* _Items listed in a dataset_
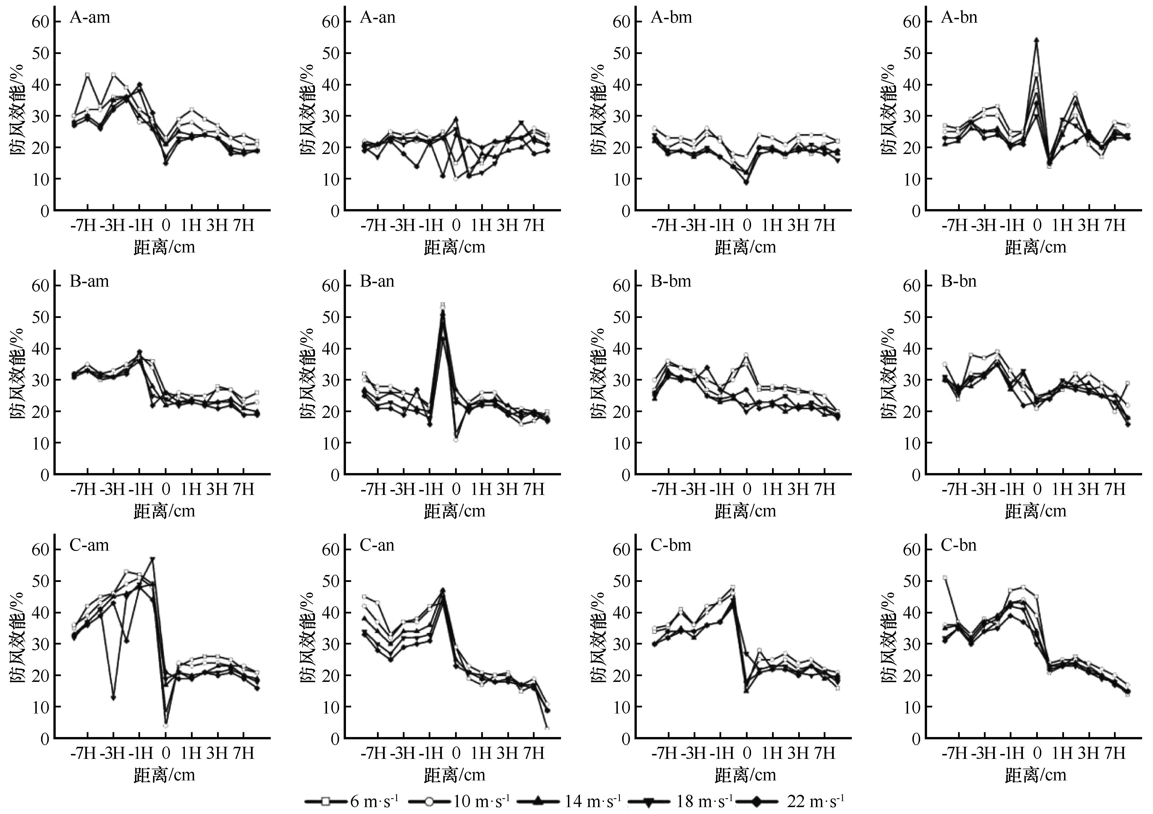| 图5 梭梭不同行带配置下防风效能 |
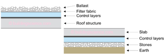 Lstiburek describes first the roof adequate build-up (image above to the left) and then the slab in contact with the earth (image to the right), to find out a striking similarity between those two and with a perfect vertical wall:
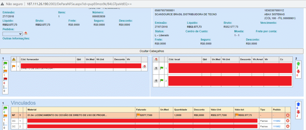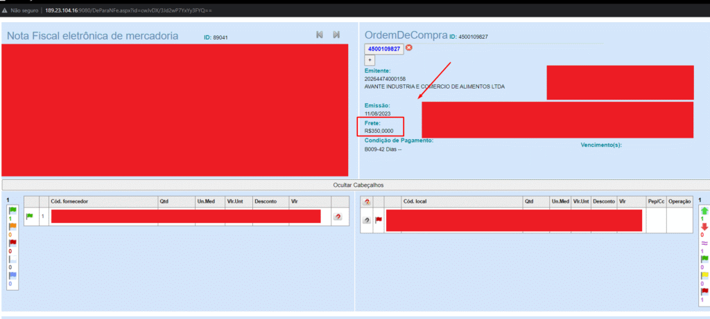• NFe – Validar valor Frete na tela do de/para
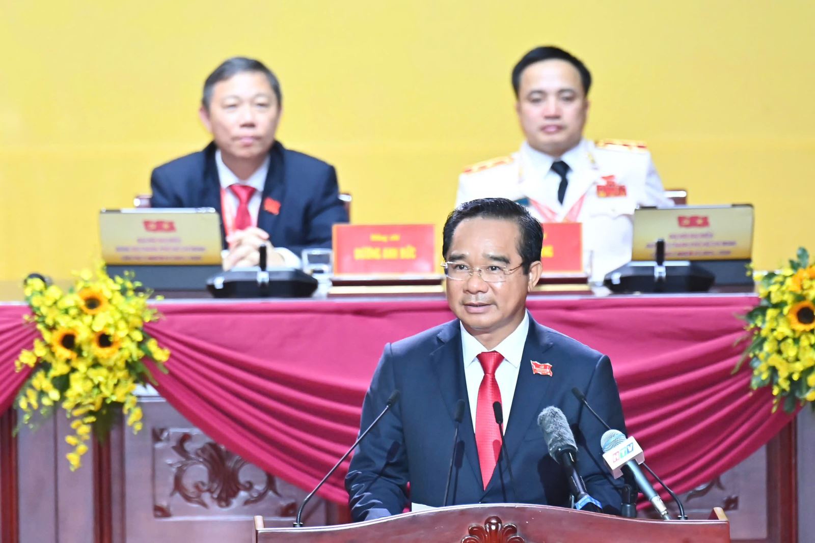 Chủ tịch UBND Thành phố Nguyễn Văn Được trình bày tóm tắt Báo cáo chính trị
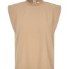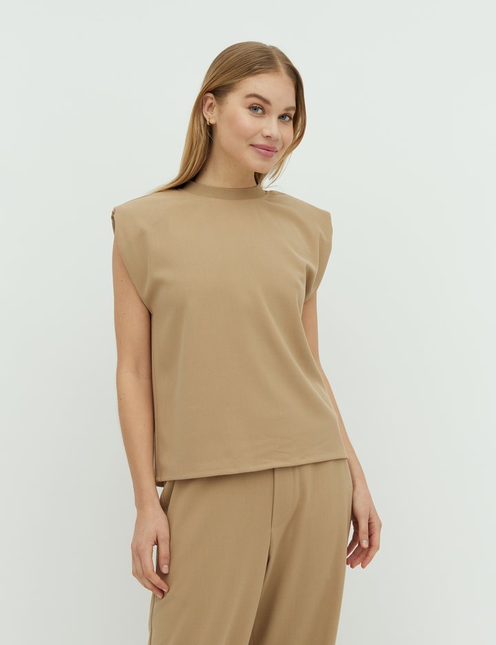 Top with shoulder pads.- Material: 60% Polyester, 35% Viscose, 5% Elastane- Without sleeves- Shoulder pads- Normal length- High neck- Relaxed fit- Hidden zip in the backThe height of the model is 175 cm and she is wearing a size S. She is wearing the matching Emmett-M trousers.
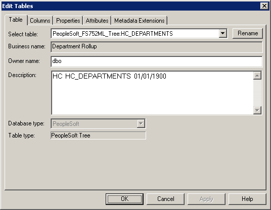 | Additional identifier used by some versions of PeopleSoft to identify winter trees. The field appears on the Attributes tab of the source definition when opened in the Mapping Designer.

* _What is needed_
Be exact. Write out all the entries and omit the pictures.

* _Task output_
| 图5 梭梭不同行带配置下防风效能 |
 Lstiburek describes first the roof adequate build-up (image above to the left) and then the slab in contact with the earth (image to the right), to find out a striking similarity between those two and with a perfect vertical wall:
• NFe – Validar valor Frete na tela do de/para
 Chủ tịch UBND Thành phố Nguyễn Văn Được trình bày tóm tắt Báo cáo chính trị
 Top with shoulder pads.- Material: 60% Polyester, 35% Viscose, 5% Elastane- Without sleeves- Shoulder pads- Normal length- High neck- Relaxed fit- Hidden zip in the backThe height of the model is 175 cm and she is wearing a size S. She is wearing the matching Emmett-M trousers.
 | Additional identifier used by some versions of PeopleSoft to identify winter trees. The field appears on the Attributes tab of the source definition when opened in the Mapping Designer.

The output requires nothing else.